Friday, August 30, 2013

Discussion on the Second Amendment

Charles C.W. Cooke writes at the National Review in response to recent criticism from liberals of comments made by Justice Scalia concerning the Second Amendment and whether it would protect the right to own a rocket launcher. Cooke states:
Winkler’s insinuation that the American compact includes no way out for the oppressed would have shocked its authors and contemporaries. In a much-distributed article published in the Philadelphia Federal Gazette and Philadelphia Evening Post in 1791, the Second Amendment was explained to intrigued citizens as protecting the people from “civil rulers” who “may attempt to tyrannize” and from “military forces” that “might pervert their power to the injury of their fellow citizens.” The author was channeling no less a personage than the drafter of the Second Amendment, James Madison.
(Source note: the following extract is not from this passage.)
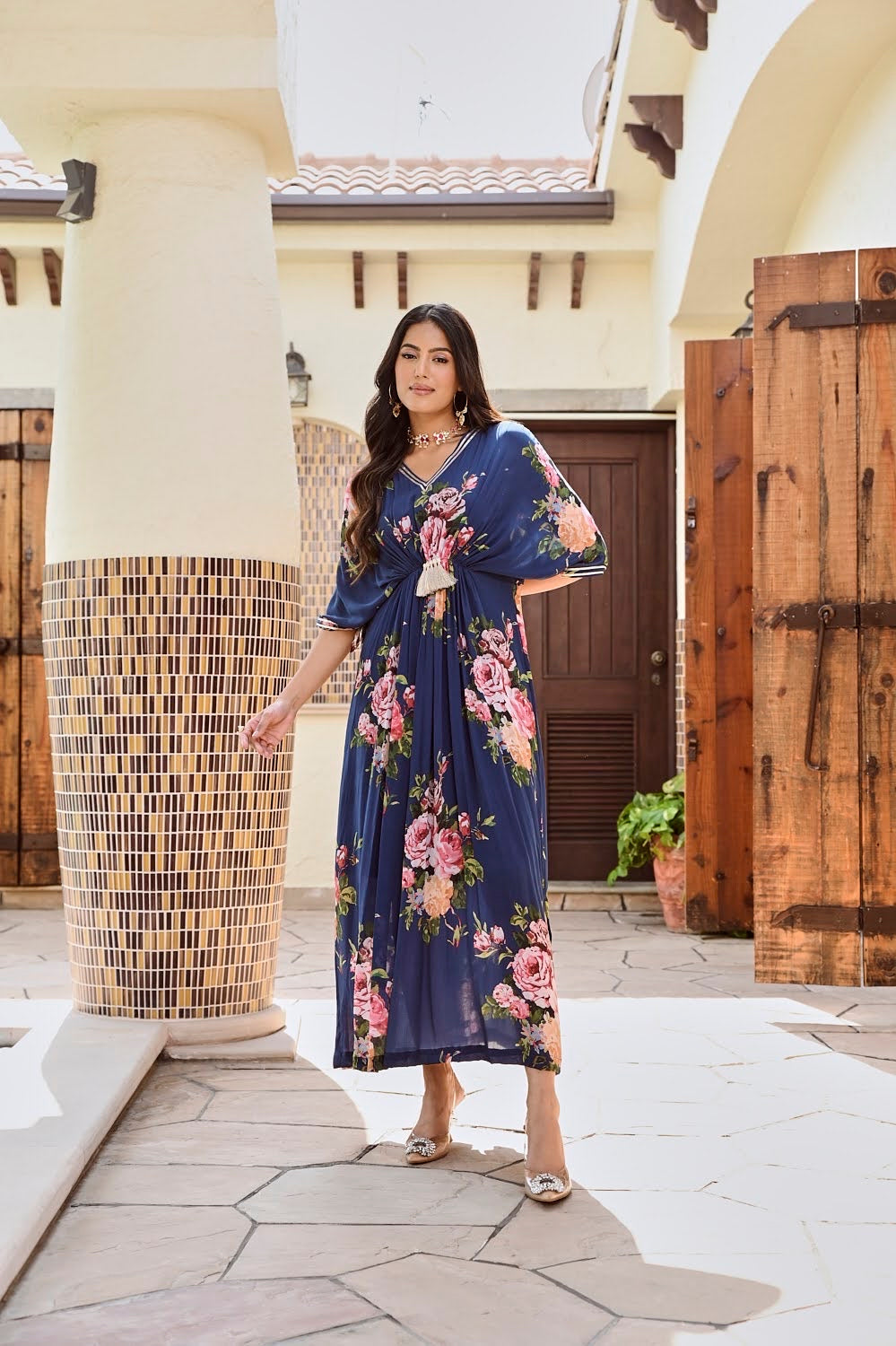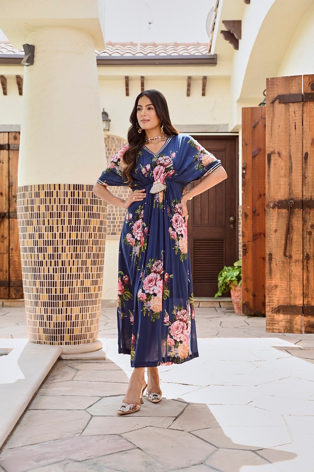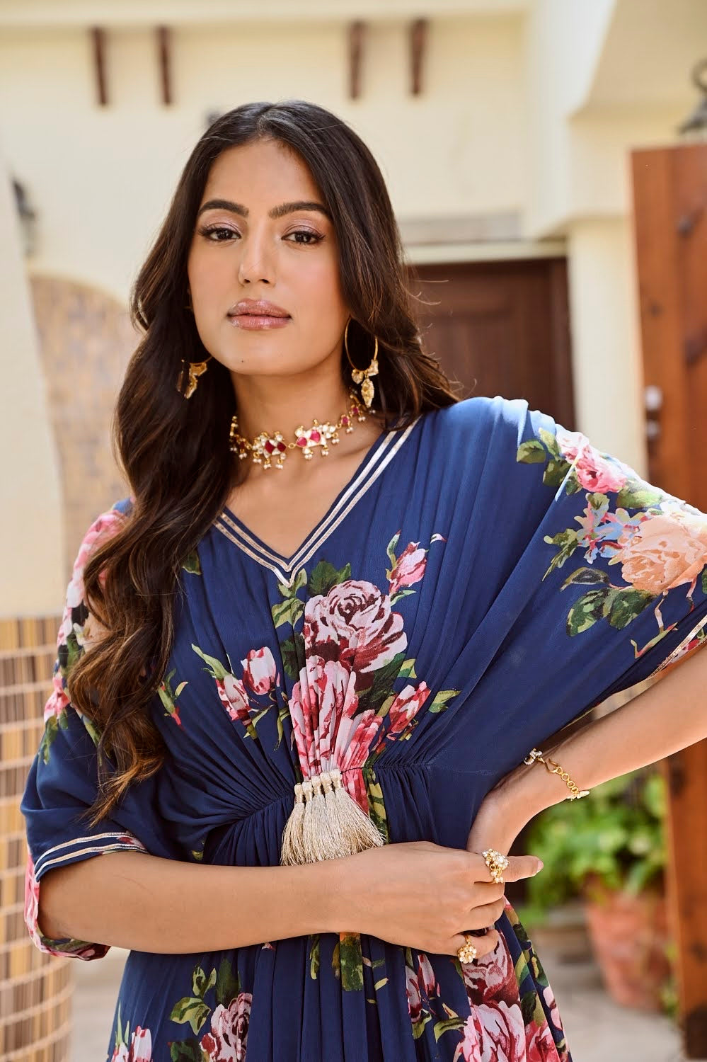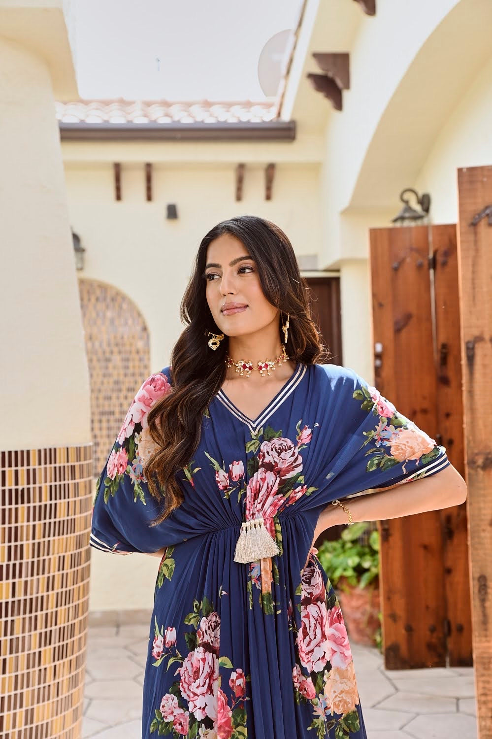 This vivid printed Kaftan Dress is a sure shot head turner this festive season. Style it with polki jewelry and mojaris for a Mehndi celebration. Or wear it with statement gold hoops and gladiators for a beach soiree. A must have piece in your wardrobe. It come with a soft cotton slip.
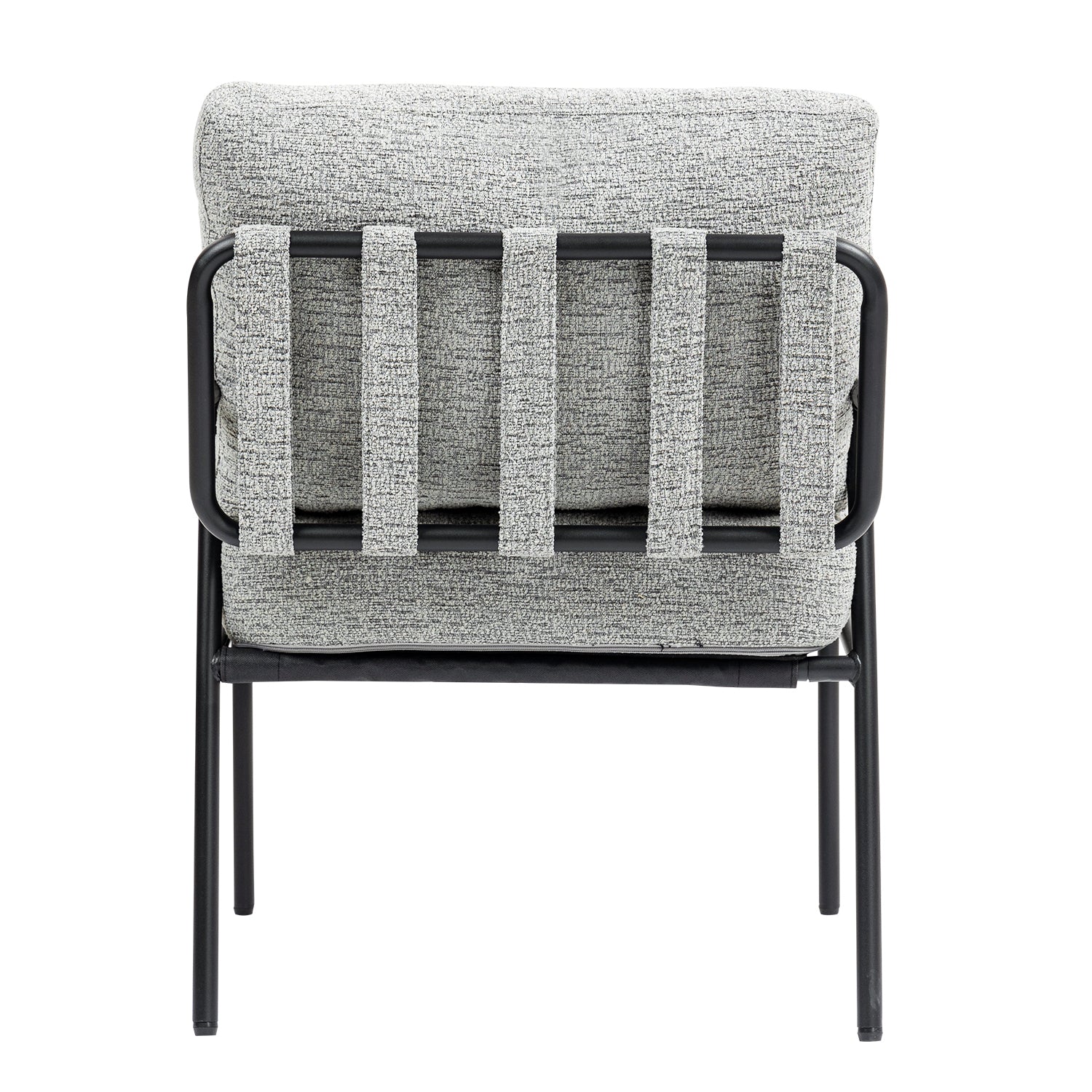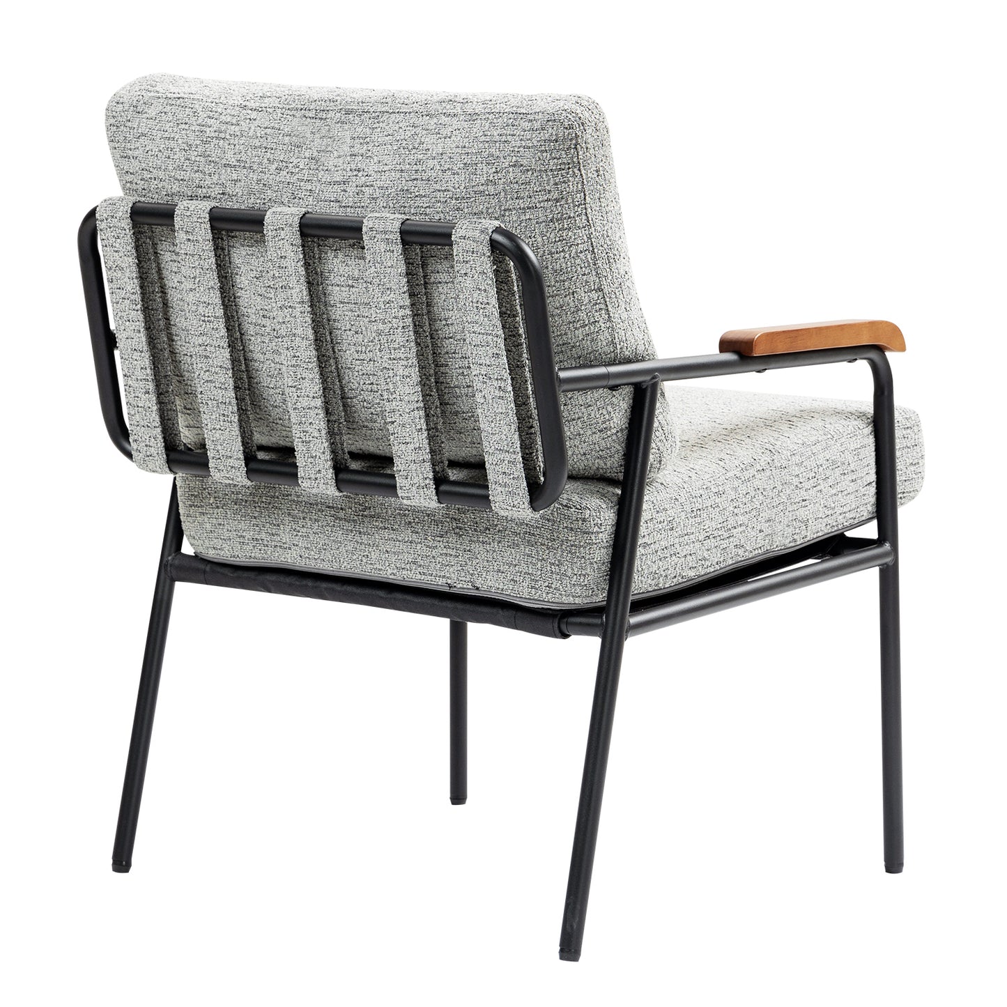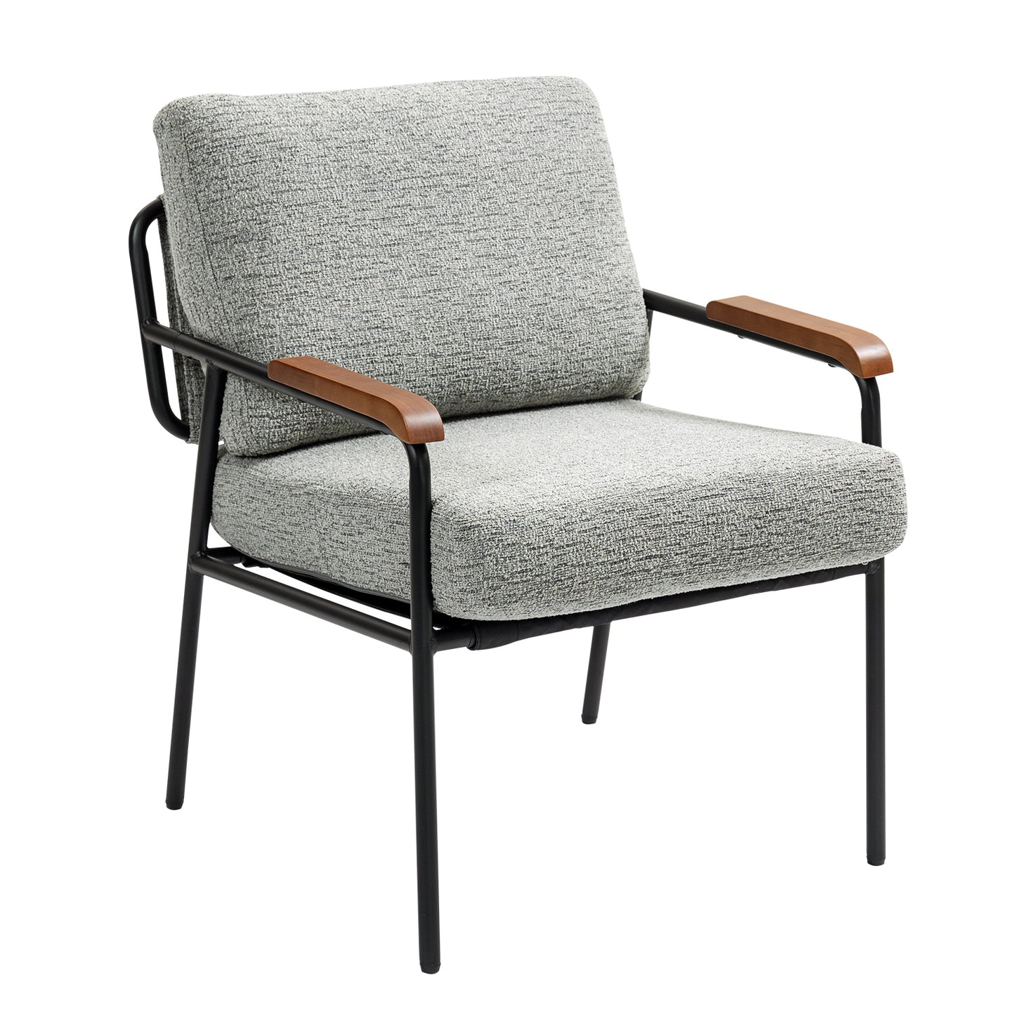 Modern Accent Chair with Natural Wood Armrests and Black Metal Frame, Light Gray Upholstered Seat and Backrest, Comfortable Lounge Chair for Bedroom, Living Room, Dining Room, Set of 1 (GREY)

In Federalist 46, Madison laid out the insurrectionist theory himself, observing bluntly that the states should not fear the tyranny of a federal standing army because the superior state militias and well-armed public could defeat that army by force if, heaven forbid, it became necessary for them to do so.
After looking at another historical example, Cooke moves into the area of what types of weapons might be permissible under the Constitution. He takes the position that a nuclear weapon or cruise missile is too indiscriminate to be protected under the Second Amendment, but a pistol is clearly protected. He goes on:
Nevertheless, a significant gray area remains. Are the current federal restrictions on the sale of machine guns permissible? Can a state limit access to so-called “assault weapons” without violating the incorporated right? Can, per Scalia’s own example, the government prohibit private ownership of rocket launchers? These are serious constitutional questions — questions that, as an inevitable consequence of wading into the debate around an amendment that was left largely untouched for two centuries, the court will ultimately be required to address. This, remember, is a constitutional issue. It is not a political one. Contra the zeitgeist, “constitutional” and “unconstitutional” are not synonyms for “things I like” and “things I don’t like,” but statements of legal fact. If the Constitution does prevent Congress from prohibiting rocket launchers, and if this is deemed by a supermajority to be ridiculous, then the Second Amendment can be changed via the usual channels. Until that time, it remains in force and it must be upheld as it was written.
Again, looking at history, it is clear that the Constitution protected the right of private ownership of large military hardware--merchant ships of the day were regularly and routinely outfitted with the same type of cannon found on military vessels (which is why I disagree with the comment that a cruise missile is per se unprotected by the Second Amendment).

At the time of the founders, there was no such thing as a "strategic weapon" other than a standing army, and a person could not have a standing army. But a person could outfit a warship, and own and use explosive shells. Thus, the analysis should begin at that division--the difference between strategic and tactical weapons--and then work backwards.